Au fond, le « pacte de responsabilité, de gouvernance et de croissance » proposé par le fils spirituel de Jacques Delors n'est pas autre chose que de la poudre aux yeux, car ce texte, - s'il devait être avalisé demain par les chancelleries européennes, pour donner un os à ronger aux Français qui se seraient laissés bernés par les promesses socialistes - n'aurait en réalité aucune autorité politique véritable, ni force juridique contraignante, à la différence du traité de discipline budgétaire qui imposera sous peu la mise sous tutelle brutale par Bruxelles de nos finances publiques.

Cela, François Hollande ne l'ignore pas, lui qui a été à la bonne école de la duplicité politique, celle dispensée en l'occurrence par Lionel Jospin.
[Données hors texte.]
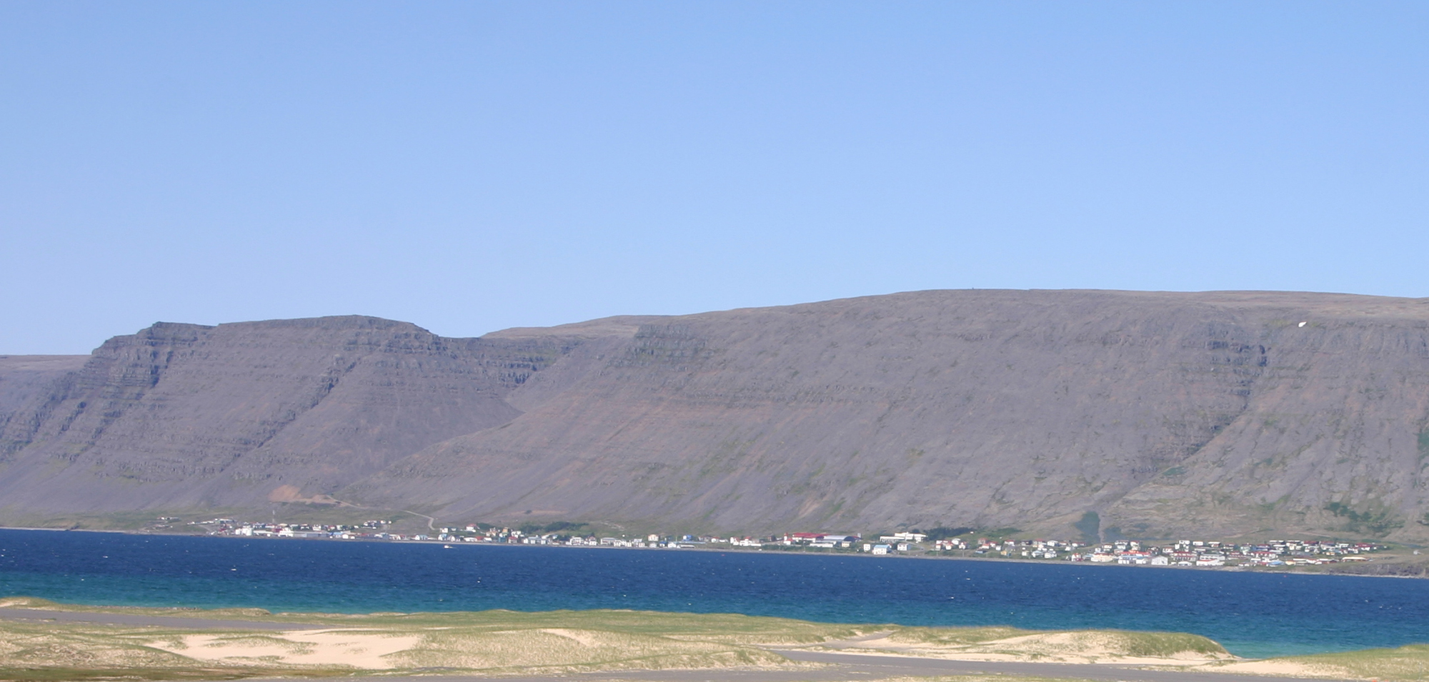 Patreksfjörður, Westfjords, Iceland. June 2008.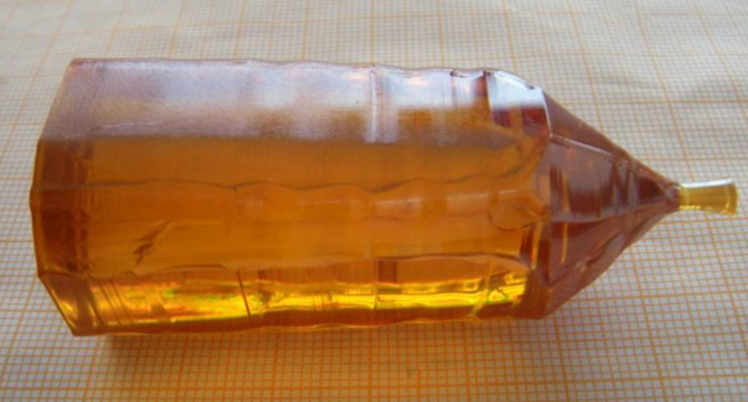 Bismuth silicon oxide (Bi12SiO20 , BSO) crystal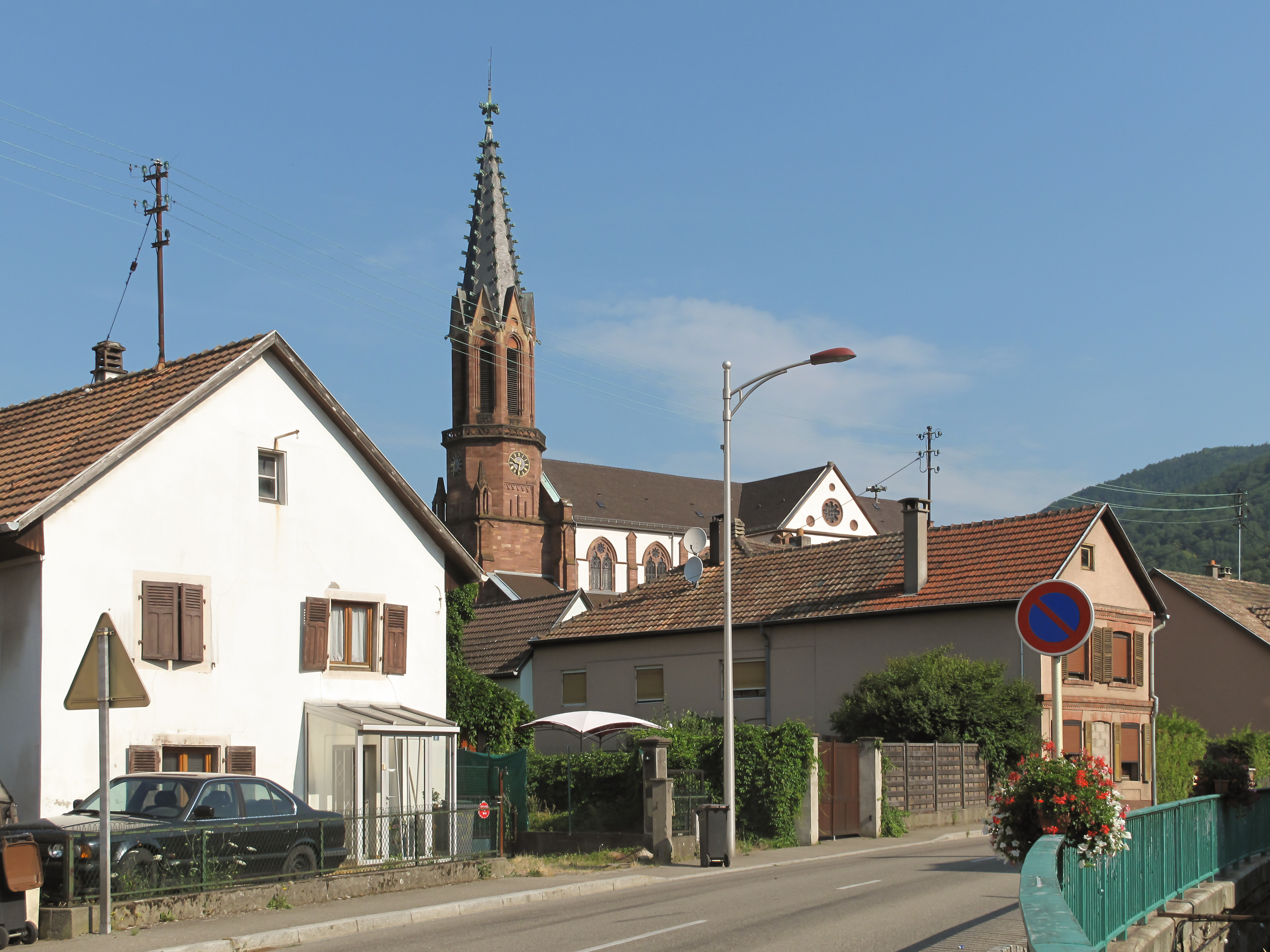 Willer sur Thur, church: l'église Saint-Didier in straatzicht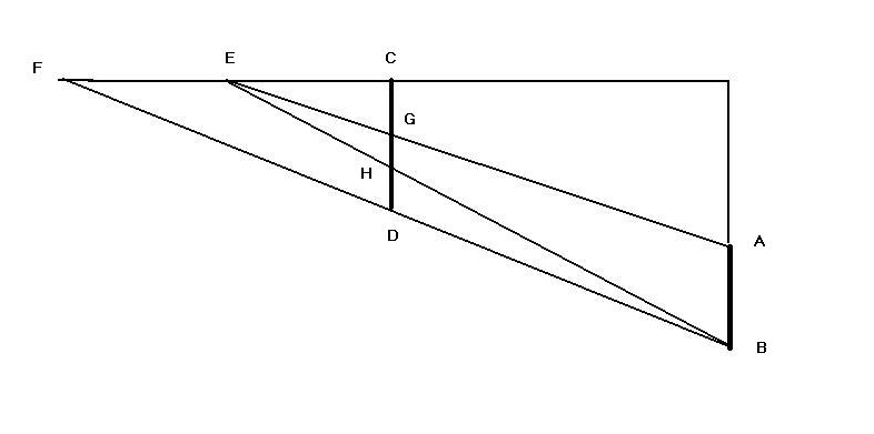 Sea Island Math Manual Q&A 6 《海岛算经》东南望波口示意图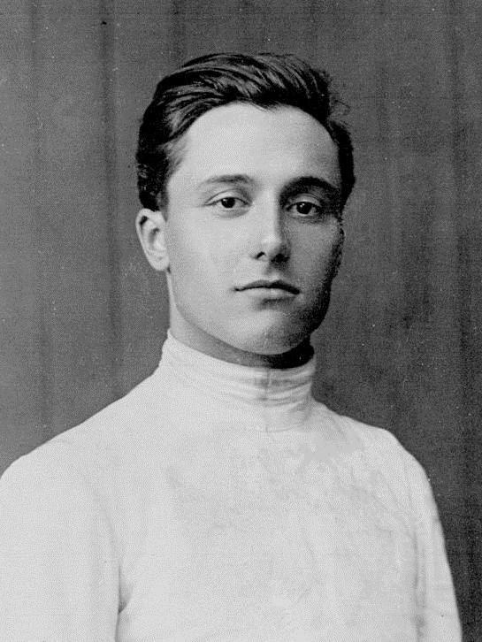 Portrait of Nedo Nadi of Italy, a competitor in the Fencing Individual Foil event at the 1912 Olympic Games in Stockholm, Sweden. Nadi won the gold medal in this event.

Les Français devraient ainsi se remémorer l'épisode éclairant du Pacte de stabilité et de croissance, - dont l'architecture générale, voulue par les Allemands, avait été arrêtée en décembre 1996 - que l'ancien patron du PS d'alors n'avait cessé de dénoncer lors des législatives de 1997, tout en promettant d'en renégocier promptement les termes....

Sitôt arrivé à Matignon, Lionel Jospin devait subir, comme il fallait s'y attendre, la formidable pression des capitales européennes, qui usèrent abondamment du chantage en invoquant alors le risque de déstabilisation de l'Euro que les menaces françaises faisaient peser sur sa mise en place. Tournant casaque en quelques jours, le premier ministre socialiste annonça à ses partenaires, lors du sommet d'Amsterdam du 17 juin, son intention de parvenir à l'Union monétaire selon le calendrier prévu, sans envisager si peu que ce soit la moindre renégociation... En contrepartie, l'Allemagne accepta de convoquer un sommet extraordinaire pour l'emploi, pour la fin de l'année, qui accoucha, dans ses maigres conclusions, d'un chapitre incantatoire, intitulé « Emploi, compétitivité et croissance » qui n'eut guère d'effet pratique depuis lors. Un marché de dupes en somme....
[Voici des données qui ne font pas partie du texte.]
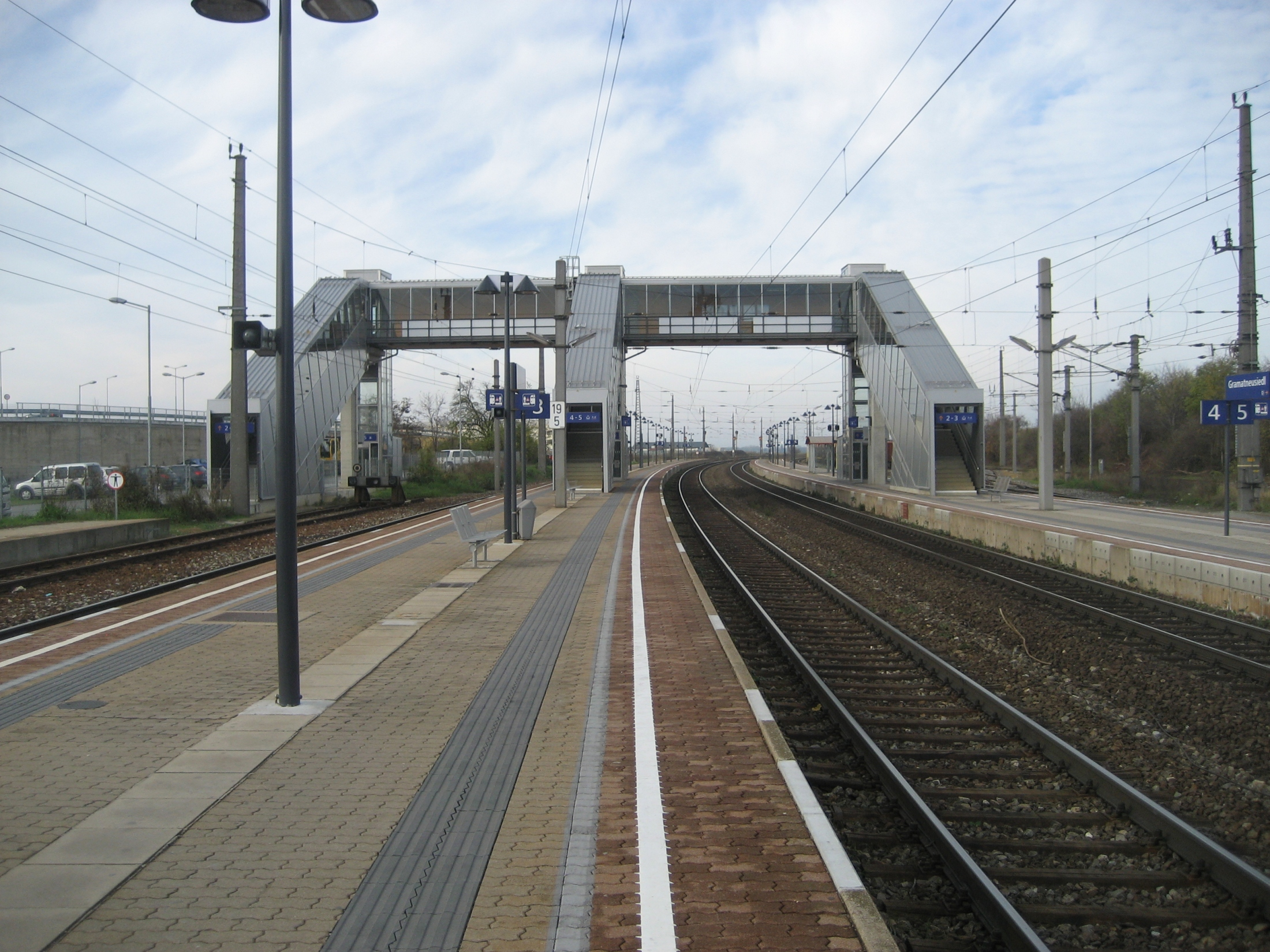 train station Gramatneusiedl in Lower Austria

Pour l'heure, Nicolas Sarkozy soutient avec force détermination la mise en place du MES, - qu'il s'est bien gardé de soumettre au vote référendaire de nos compatriotes - en n'ignorant certainement pas que ce carcan européen enfoncera encore davantage la France dans la crise économique. Tout en partageant le même attachement suicidaire au MES, François Hollande tente, de son côté, de vendre à nos compatriotes, avec son pacte fumeux, une solution ''miracle'' dont il connait par avance la vacuité manifeste. Cette grotesque comédie ne doit rien au hasard. Endossant tout à tour, fort pitoyablement au demeurant, la panoplie du parfait minotier, les deux représentants du système UMPS s'appliquent depuis des lustres à rouler délibérément les Français dans la farine, en invoquant, l'un comme l'autre, les mannes du dogme européiste.
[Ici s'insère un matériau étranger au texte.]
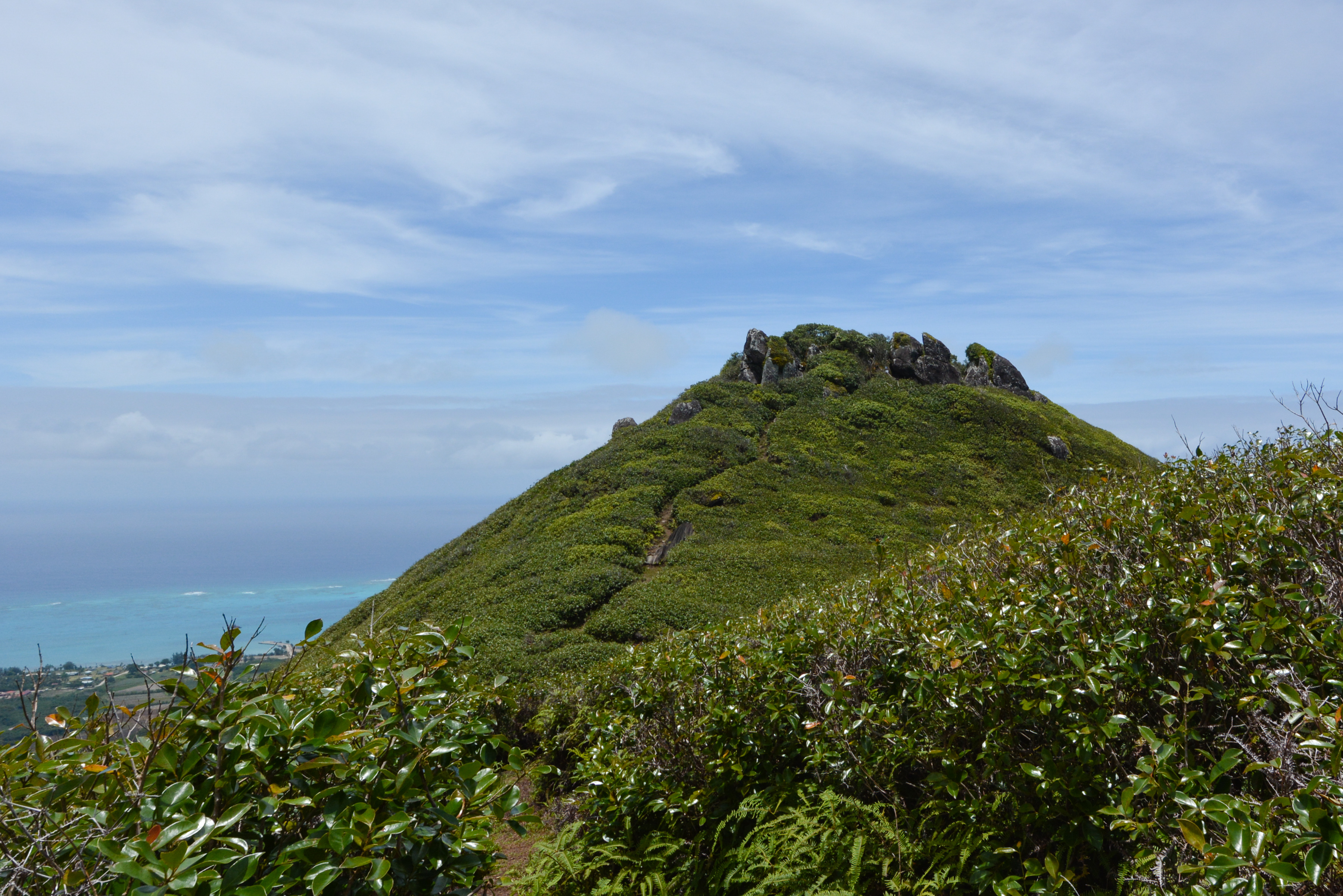 Shot of Tubuai (French Polynesia) taken from mount Taitaʼa.

A l'évidence, ces petits jeux politiciens, si stériles, n'auront qu'un temps, car nos compatriotes auront tôt fait d'ouvrir les yeux et de comprendre enfin que ni François Hollande, ni Nicolas Sarkozy n'offrent sérieusement à nos compatriotes la moindre alternative politique sur la question européenne. Si au surplus chacun admet, du point de vue de la nécessaire unité des forces patriotiques de ce pays, que Jean-Luc Mélenchon demeure, même s'il s'en défend, le grossier porteur d'eau du PS et que l'estimable Nicolas Dupont Aignan s'égare à persévérer dans une aventure individuelle, fatalement vouée à l'échec, seule Marine Le Pen est donc véritablement en mesure de proposer aux Français, en l'appliquant avec détermination et sincérité, une autre politique européenne fondée aussi bien sur le respect de la souveraineté des Etats que de l'indépendance des peuples qui les composent. A quelques semaines du premier tour des présidentielles, il est plus qu'urgent de l'admettre unanimement.